Use libraries like colbert-ir or RAGatouille for production implementations
Fine-tuning ColBERT for your domain: While you can use pre-trained ColBERT models, domain-specific fine-tuning significantly improves accuracy. Legal documents, medical records, and code repositories have specialized vocabularies and matching patterns that generic models miss.
Training approach:
Start with pre-trained ColBERT: Initialize from a model trained on MS MARCO or similar large corpus
Gather domain data: Collect query-document pairs with relevance labels (clicks, ratings, or judgments)
Contrastive training: For each query, train to score relevant documents higher than irrelevant ones
Storage-quality trade-off: During fine-tuning, you can reduce embedding dimensions (128→64) to save storage, though this trades some accuracy
Fine-tuning typically requires 10K-100K labeled query-document pairs and 1-2 days on a single GPU. See Chapter 14 for guidance on when to fine-tune vs. use off-the-shelf models.
10.4 Matryoshka Embeddings
Traditional embeddings force a hard choice: use 384 dimensions (expensive storage, slow search) or 128 dimensions (cheaper but less accurate). Matryoshka embeddings eliminate this trade-off by encoding information hierarchically—the first N dimensions form a valid embedding for any N.

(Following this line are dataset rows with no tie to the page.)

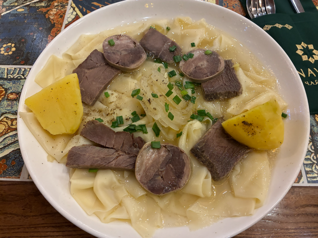 そしてカザフスタンの代表料理ベシュバルマク(Beshbarmak)。これを食べに来ました。茹で肉(牛 or 羊)+平たい麺+スープ。雰囲気は”きしめん”に近い薄味の料理。薄味なのに体がポカポカ温まります。きしめんより面がデカいので、食べるのは少し苦労しましたが、美味い。
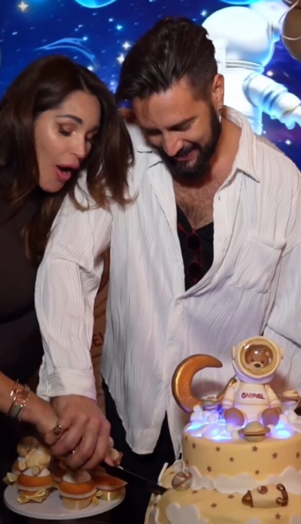 La torta è spettacolare, a due piani, un vero trionfo di cake designer. Sopra, con la pasta di zucchero, è stato realizzato un orsetto vestito da astronauta: è Gabriel. Al party c’è anche la musica, super grazie Stefania Liguori alla consolle. “Gabriel approva: appena partiva la musica già scalciava”, confessa Delia.
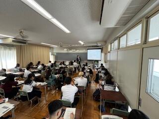 校長室に入ってこられ、上記のタイトルの下に書かれた講義内容のシラバスをご覧になった先生のお1人は、「自分の講義をそこそこにしてほかの方の講義をお聞きしたい」と笑顔でお伝えくださいました。90分のご講義の中身を理解することが叶わなかったり、その深遠さに立ちすくむような場面もあったかと思いますが、研究、あるいはまさにここでしか聞けないその道のお話を聞くことでそれぞれの進路の入り口に立てたと実感した人もいることだと思います。―温・冷水のシャワーの仕組み、1995年、2011年地震の揺れ方と建物の構造や歴史との関わり。そしてその認識の共有芥川龍之介の罪悪感、シノビ―のマネジメント、六道輪廻、各七日の意味合い、何もないところから突然水が出る、「質問は?」の問いかけに応じたありったけの力を込めた問い。「来てよかった、得られるものがあった」と思ってもらえる未来を見据えた取り組み、マスコミやSNSとは違う視座からの今の政治や社会に対しての描写。ほんの数分だけお邪魔した自分にはとても綴れないさまざまな驚きや学びが数々あり、それがこれからの生徒一人ひとりのこれからの広がりや深みだけではなく世の中がより味わい深くなるための第一歩として今日があることにより深い感謝の念を抱いております。講師の方と校長室でお話しする中で2011年が事実というより、史実としてとらえられているということの意味を考える機会となったとおっしゃっていたことがひときわ心に残りました。時が流れ、変わらず伝えていかなければならないことと時代の流れに会った適切なものを探し、共有していかなかればならないということは永遠のテーマであることを改めて実感しました。
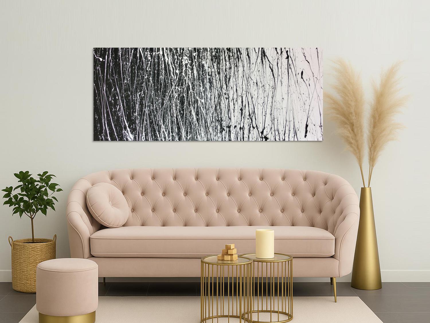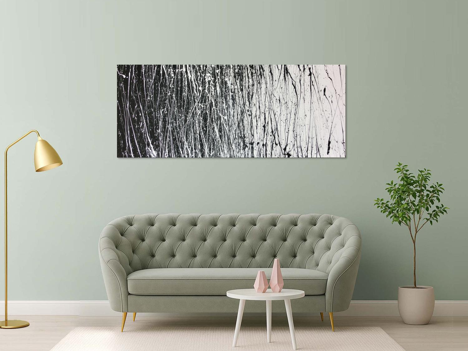 Abstraktes Gemälde auf Leinwand Abstraktes Acrylbild schwarz weiß modern in 80x200cm von Alex Zerr
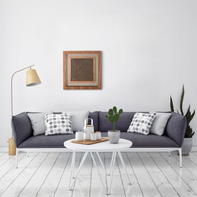**Modern wooden wall picture** This wall picture is particularly popular with people who love nature. The geometric pattern of the picture is simulated by the interwoven wood. This unusual, creative work of art is immediately enchanting and gives every room a natural touch. The elegant wall picture instantly becomes a decorative highlight wherever it hangs. It is strikingly beautiful and natural at the same time.

How they work: Models are trained with a special multi-scale loss function. During training, the loss is computed not just on the full 768-dim embedding, but also on prefixes (first 64, 128, 256, 384 dims). This forces the model to pack the most important information into early dimensions, with refinements in later dimensions.
The key property: You can truncate a 768-dim Matryoshka embedding to 128 dims and still get semantically meaningful results. Unlike simply training a 128-dim model (which might be more accurate at 128 dims), Matryoshka gives you flexibility—one model, multiple dimension options.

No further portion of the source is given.